In my memo last year, we’ve discussed the geopolitical factors driving the struggles that came to dominate the headlines of 2023. The Russian invasion of Ukraine has exceeded 650 days as I pen this year’s memo, while the Israel-Hamas crisis erupted two months ago.

As several oil producers in the Middle East adopt an increasingly defensive stance in face of the United States, a global petroleum shortage may be heading our way. As China’s economy continues to lose momentum due to its stagnant manufacturing sector, the loss of local purchasing power contributes further to Chinese deflation, broadly decreasing product and service prices there.

European and American economies, however, are disrupted by inflation and interest rate hikes. These conditions artificially repress market and investment demands, despite an environment that incentivizes producers to make more; when supplies outpace demand, prices fall, compounding the already-low levels of buyer interest.

These geopolitical factors and economic concerns will most definitely continue to impact freight networks crisscrossing the world. “Remain calm in times of challenging trials and mercurial demand” is Leader Mutual Freight’s industry outlook and work mantra for 2024.

Despite the anticipated hardships awaiting the world economy, fresh opportunities have still emerged. Markets for consumer electronics and retail goods have bounced back by the last fiscal quarter of 2023, bolstered in particular by the colossus e-commerce network catering to Thanksgiving- and Christmas-related purchases.

Demand for air freight services also rebounded in Q4, after three successive quarters of cargo capacity being cut. The climate crisis is drying up the Panama Canal, a strategic conduit that enables container ships to move goods around the world, forcing more businesses to switch transportation from sea to air. Post-pandemic orders from the United States and Europe reflect a fundamental switch in consumer behavior as well — their penchant for shopping online, embracement of digital outlets, and zest for artificial intelligence-backed products make the air freight sector a strong area of potential growth in 2024.

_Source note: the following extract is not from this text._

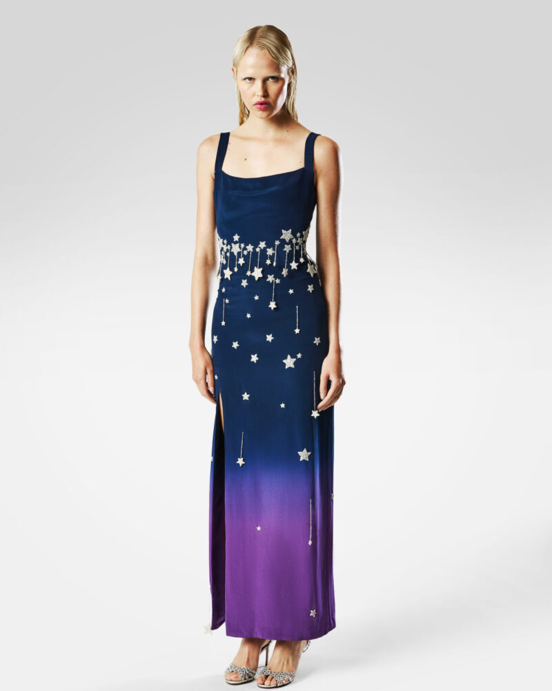 A night full of wishes, the Midnight Sky Gown drapes in deep navy melting into violet twilight. Silver stars scatter across the silhouette, some trailing like falling constellations, while a daring slit adds celestial allure. It’s elegance woven with stardust – a gown made for dreamers who dance beneath the cosmos.

Geopolitics will continue to dictate trade flows in the years ahead. Not quite back at pre-pandemic levels, sea freight services are expected to mirror their performances last year. Backed by e-commerce productivity, the healthy market for air freight services is likely to sustain growth. Consumer demand for luxury items like personal tech products and smart car accessories, coupled with the borderless impact of climate change, will force more enterprises to supplement their sea freight with air transportation.

Building upon these insights, LMF will keep abreast of the latest geopolitical activities and adjust our global operations accordingly. With risk comes opportunity, specifically grand areas of growth like consumer and precision technology, and entry to new markets and regions to cultivate the resilience of our multimodal supply chains. Here at LMF, we go where the businesses go — by road, sea, and air — in service to our international clients and partners.

Happy New Year from all of us at LMF!